NETs can bear proteins contained in neutrophil granules released during neutrophil activation. These proteins include those derived from azurophilic or primary granules including myeloperoxidase, Cathepsin G, neutrophil elastase (NE), and proteinase 3 (PR3), among other hydrolytic enzymes including a series of phospholipases that can generate biologically active lipid mediators of inflammation. NETs can also acquire proteins from extra-neutrophilic sources including tissue factor (TF) that can activate Factor VII and through activation of Factor Xa lead to local thrombin generation that produce fibrin locally. NE and other extracellular matrix-degrading proteins such as neutrophil collagenase and gelatinases can further degrade the basement membrane and underlying extracellular matrix macromolecules including basement membrane constituents and fibrillar collagens. (Elastin fragments may promote chemoattraction of further granulocytes.) Myeloperoxidase generates the highly pro-oxidant species hypochlorous acid (HOCl). Pro- interleukin-1-alpha (IL-1α) derived from neutrophils can bind to the DNA strands that comprise NETs. NETs can activate pro-inflammatory functions of endothelial cells through stimulation by IL-1α. The neutrophil serine proteinase Cathepsin G can enhance the local activity of IL-1α by cleaving the pro- form to produce the more active mature form of this pro-inflammatory cytokine. (Illustration Credit: Ben Smith).

Figure 5.. Endothelial-mesenchymal transition may contribute to superficial erosion.

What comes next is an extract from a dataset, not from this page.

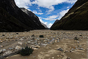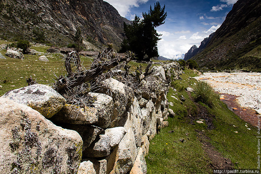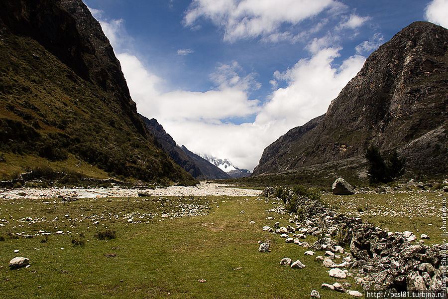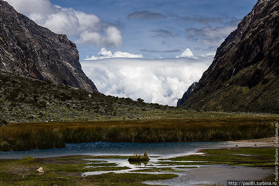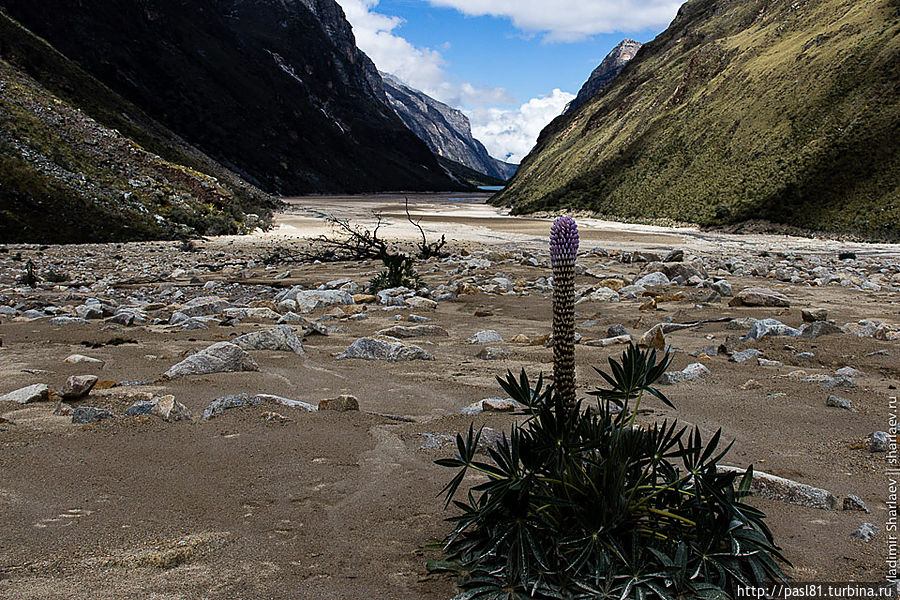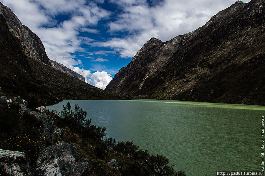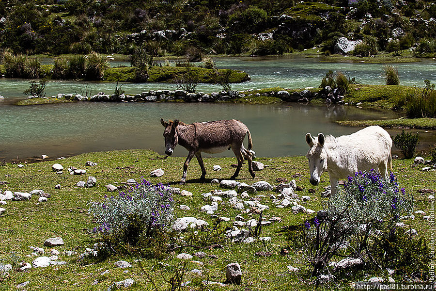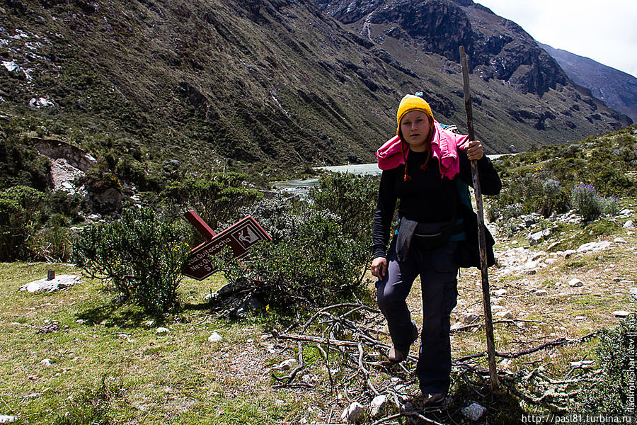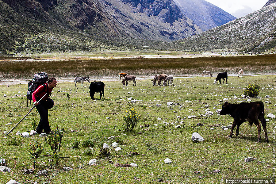 Наконец, подходим к лагуне. Большое озеро, тропа идет чуть выше по склону, но потом подходит к берегу. Значит, будем купаться! Вода прохладная, но явно теплее, чем во вчерашнем озерце. Мимо проходят две молодые немки и делают удивленные лица — как можно купаться в такой ледяной воде? Догоняют нас и чешские друзья. В воду лезть не хотят, уходят вперед, но вскоре мы их обгоняем… В следующий раз мы с ними встретимся уже в Хуаразе, в уютном и дешевом хостеле, рекомендованным ими.

The left-hand part of this diagram depicts a resting endothelial monolayer tightly adherent to the underlying basement membrane. A number of junctional proteins including those depicted here contribute to the barrier function of an intact resting endothelial monolayer. These resting endothelial cells have a squamous morphology with apical-basal polarization. In response to signals such as transforming growth factor beta (TGF-β), withdrawal or loss of function of fibroblast growth factor, or augmented vascular endothelial growth factor (VEGF) signaling, the cells express higher levels of matrix metalloproteinases (MMPs) 2 and 9, enzymes capable of degrading basement membrane constituents. These and other proteinases can disturb the integrin molecules localized on the basal aspect of the endothelial cells that tether them to the basement membrane, as depicted in Figure 2. These stimulated cells lose their squamous morphology and apical-basal polarization that characterize the resting endothelial cell, and acquire front to rear polarization. The endothelial cells can slough due to the interrupted binding to the basement membrane. Local permeability of the endothelial monolayer increases due to dissolution of the junctional proteins that determine the barrier function of the intimal interface with blood. The loss of endothelial cell coverage permits contact with subjacent structures in the intima that may promote platelet activation as depicted on the right side of this diagram. The cells that have acquired the mesenchymal character can invade and penetrate into the underlying atherosclerotic plaque in the intima. (Illustration Credit: Ben Smith).